Collected data entries
--- START ---

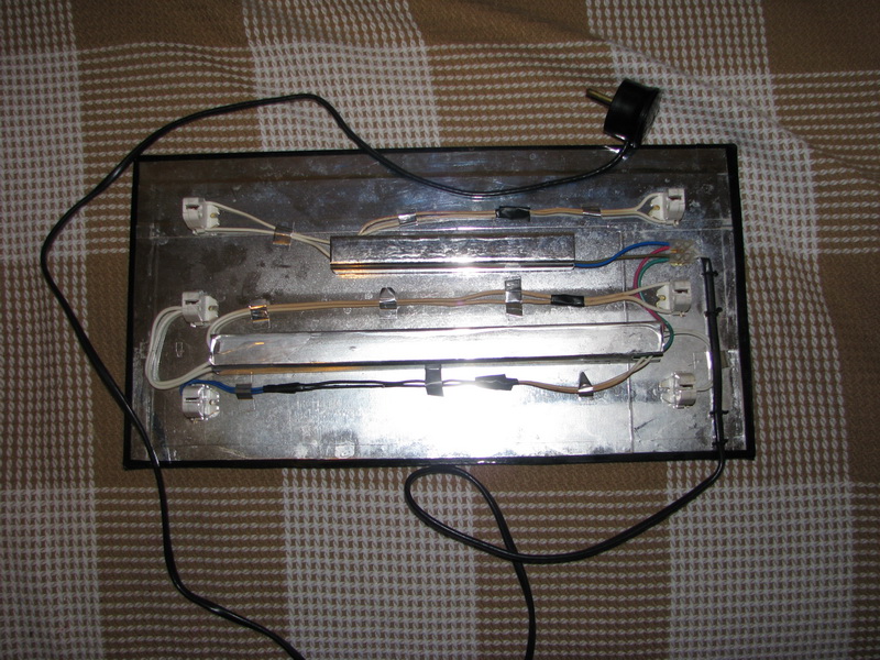 Стояла на аквариуме, который изначально был с покровным стеклом и имел пространство для держателя с лампочкой накаливания 15 Вт (крепился на задней стенке), т.е. покровное стекло располагалось на распорках примерно в 7 см над максимальным уровнем воды (иными словами, в этом аквариуме передняя и боковые стенки на 6-7 см выше, чем задняя, поэтому максимально воду можно залить по заднюю стенку, а передняя и боковые выше настолько, чтобы между светильником или покровным стеклом было достаточно места). Такие аквариумы продают на киевской "птичке" (самодел).
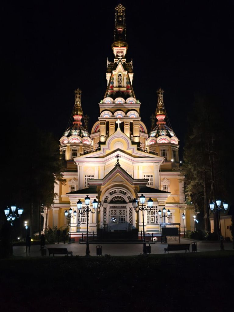 Selesai makan malam, kami menuju Ascencion Cathedral. Gereja kristen ortodox ini merupakan gereja terbesar di Almaty. Fasad luarnya terlihat megah dengan kubah yang mengingatkan pada Gereja Saint Basil di Moscow. Dari gereja ini kami berjalan melihat suasana kota Almaty di malam hari, sebelum kembali ke hotel untuk beristirahat.
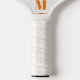 This modern pickleball paddle design features an orange and white flower background, with your initial in bold orange text for a look that is simple and stylish, yet professional.
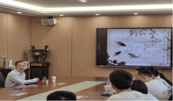 本网讯(通讯员谢卓悦)2023年6月30日下午,四川大学道教与宗教文化研究所博士生导师张泽洪教授应邀在成人视频 B301报告厅进行了主题为“唐代长安三教关系与社会政治”的讲座。讲座由我院翟志宏教授担任主持,学院数10位师生参加本次讲座。
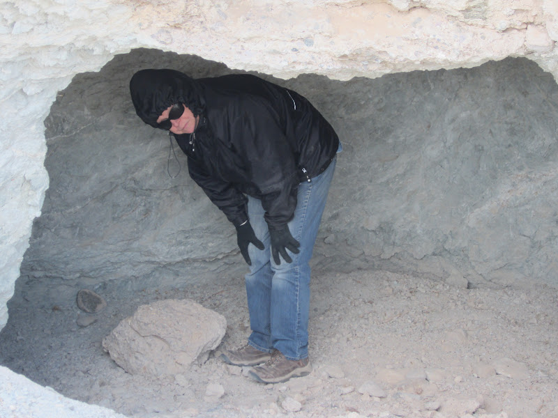 We found another hole where someone had dug. It was solid rock inside. As you can see we were bundled up. It wasn't that cold but on the Ranger with no windshield it does get cold.
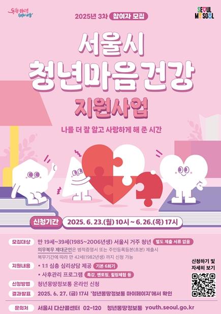 청년의 아픈 마음을 보듬고, 변화와 성장을 준비할 수 있도록 마음 역량을 길러주는 ‘서울 청년 마음건강 지원사업’이 올해 3차 참여자를 모집한다.
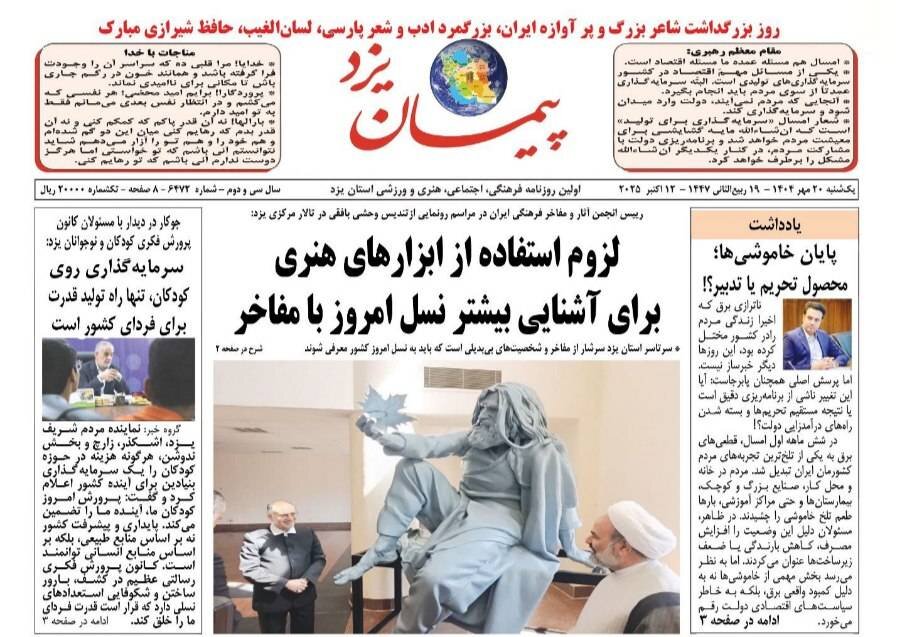 صفحه نخست روزنامه‌های یزد یکشنبه ۲۰ مهر
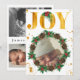 Annonce de photo de Noël personnalisée pour bébé en or. Belle aquarelle élégante avec branches de pin, pommes de pin et houx. Vous pouvez personnaliser le texte et ajouter vos photos préférées. Effet numérique or faux.

--- END ---

* YOUR TASK *
Above are the records; transcribe them exactly without the pictures.

* EXERCISE OUTPUT *
 Стояла на аквариуме, который изначально был с покровным стеклом и имел пространство для держателя с лампочкой накаливания 15 Вт (крепился на задней стенке), т.е. покровное стекло располагалось на распорках примерно в 7 см над максимальным уровнем воды (иными словами, в этом аквариуме передняя и боковые стенки на 6-7 см выше, чем задняя, поэтому максимально воду можно залить по заднюю стенку, а передняя и боковые выше настолько, чтобы между светильником или покровным стеклом было достаточно места). Такие аквариумы продают на киевской "птичке" (самодел).
 Selesai makan malam, kami menuju Ascencion Cathedral. Gereja kristen ortodox ini merupakan gereja terbesar di Almaty. Fasad luarnya terlihat megah dengan kubah yang mengingatkan pada Gereja Saint Basil di Moscow. Dari gereja ini kami berjalan melihat suasana kota Almaty di malam hari, sebelum kembali ke hotel untuk beristirahat.
 This modern pickleball paddle design features an orange and white flower background, with your initial in bold orange text for a look that is simple and stylish, yet professional.
 本网讯(通讯员谢卓悦)2023年6月30日下午,四川大学道教与宗教文化研究所博士生导师张泽洪教授应邀在成人视频 B301报告厅进行了主题为“唐代长安三教关系与社会政治”的讲座。讲座由我院翟志宏教授担任主持,学院数10位师生参加本次讲座。
 We found another hole where someone had dug. It was solid rock inside. As you can see we were bundled up. It wasn't that cold but on the Ranger with no windshield it does get cold.
 청년의 아픈 마음을 보듬고, 변화와 성장을 준비할 수 있도록 마음 역량을 길러주는 ‘서울 청년 마음건강 지원사업’이 올해 3차 참여자를 모집한다.
 صفحه نخست روزنامه‌های یزد یکشنبه ۲۰ مهر
 Annonce de photo de Noël personnalisée pour bébé en or. Belle aquarelle élégante avec branches de pin, pommes de pin et houx. Vous pouvez personnaliser le texte et ajouter vos photos préférées. Effet numérique or faux.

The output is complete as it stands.